The federal government has proposed new legislation that seeks to expand “Lawful Access” powers by law enforcement agencies (“LEA”s). Although justified as necessary “modernization” and just “keeping up with criminals”, the proposals are deeply problematic. They would take advantage of new technologies, new modes of communication and new social practices to significantly expand access by LEAs to the personal information of individuals. Indeed, while referred to as “Lawful Access” powers, the lawfulness of some of these powers under the Charter of Rights and Freedoms is questionable.
The proposed expanded LEA powers include:
• Access to “subscriber data” upon request without either prior judicial authorization or reasonable grounds to suspect criminal behaviour;
• New preservation orders, available on a low evidentiary standard;
• New preservation demands with no requirement for prior judicial authorization;
• New production orders for tracking and transmission data, available on a low evidentiary standard;
• Lower evidentiary standard for, and expanded scope of, tracking warrants;
• Expanded scope of warrants for telephone number recorders to encompass all forms of transmission data.
The increased legal power that these proposals would expressly grant to LEAs will be greatly enhanced by the real world context of vastly more and richer personal data now available as a result of new technologies.
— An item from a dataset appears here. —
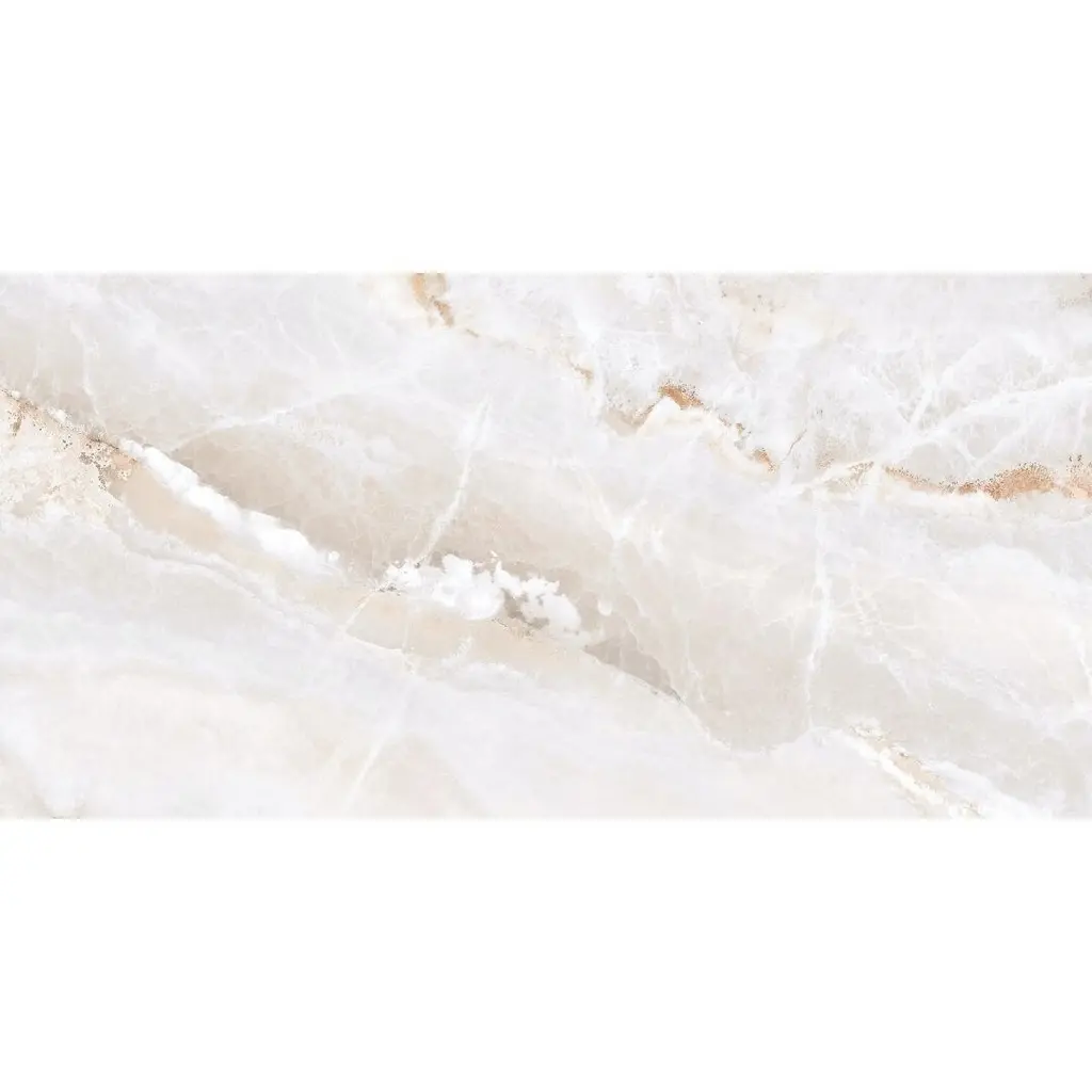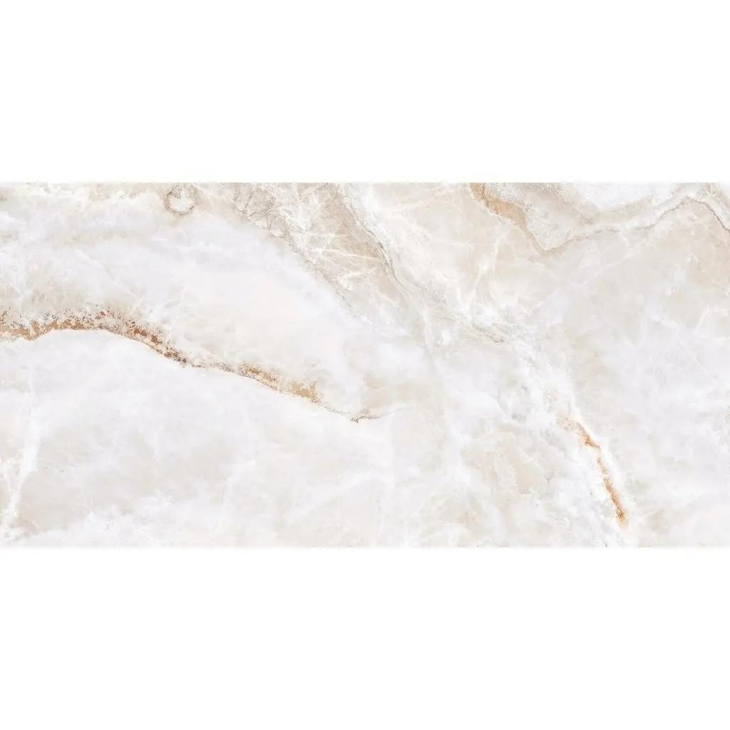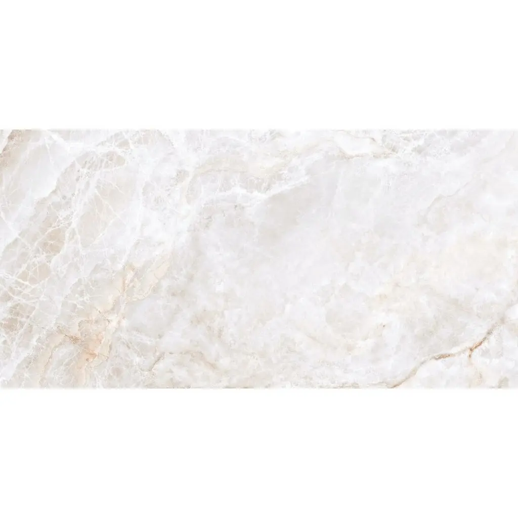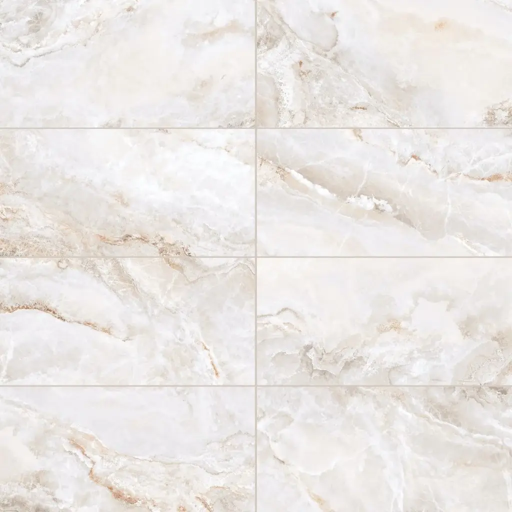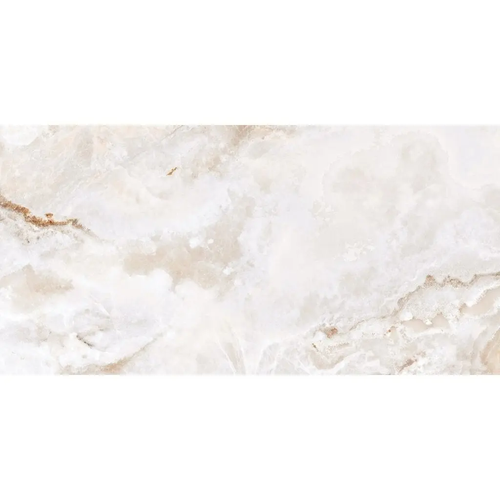 Express your creativity and individuality with the visual appeal of our Banff collection. A testament to the beauty water-colored onyx can bring to your space, this collection is a harmonious blend of artful craftsmanship and natural wonder. Inspired by the mesmerizing luminosity of onyx, each tile showcases alternating layers of color, reminiscent of the rich banded patterns found in the stone's fluid veins. Available in three distinct jewel-toned colors--blue, jade, and white—these tiles serve as a perfect transitional tile for any design aesthetic. The result is a sophisticated, dynamic look that adds depth and character to any space. FEATURES: Crafted in Italy Authentic onyx-inspired design Offered in three jewel-toned colors: jade, white, and blue Designed for interior walls and floors Available in smooth matte or shiny polished finish A case of this product includes 2 pieces and covers 15.5 square feet Porcelain, singular, rectangle, polished, rectified, floor and wall tile Impervious and waterproof; Not suitable for outdoor use but are resistant to most elements Polished finish with a V4 substantial variation Ideal for bathrooms, showers, kitchens, floors, walls Approved for residential and commercial installations Easy to install 24 inches x 48 inches large format porcelain tile This product has a PEI Rating of 4 (endurance and hardness indicator) and therefore is suited for all residential uses (walls and floors) and light-duty commercial applications DIMENSIONS: Individual tile size: 24 inches L x 48 inches W Surface area per carton: 15.5 square feet Sample tile size: 4 inches L x 4 inches W

In a “double whammy” to individual privacy, the reforms would provide LEAs with powerful new tools by which to tap this growing source of investigational data already available for investigations and intelligence-gathering. Moreover, they would do so on the basis of lower evidentiary standards – or in the case of subscriber data, no evidentiary standards at all – thus further eroding the fragile framework of privacy protection that we have constructed to control state surveillance.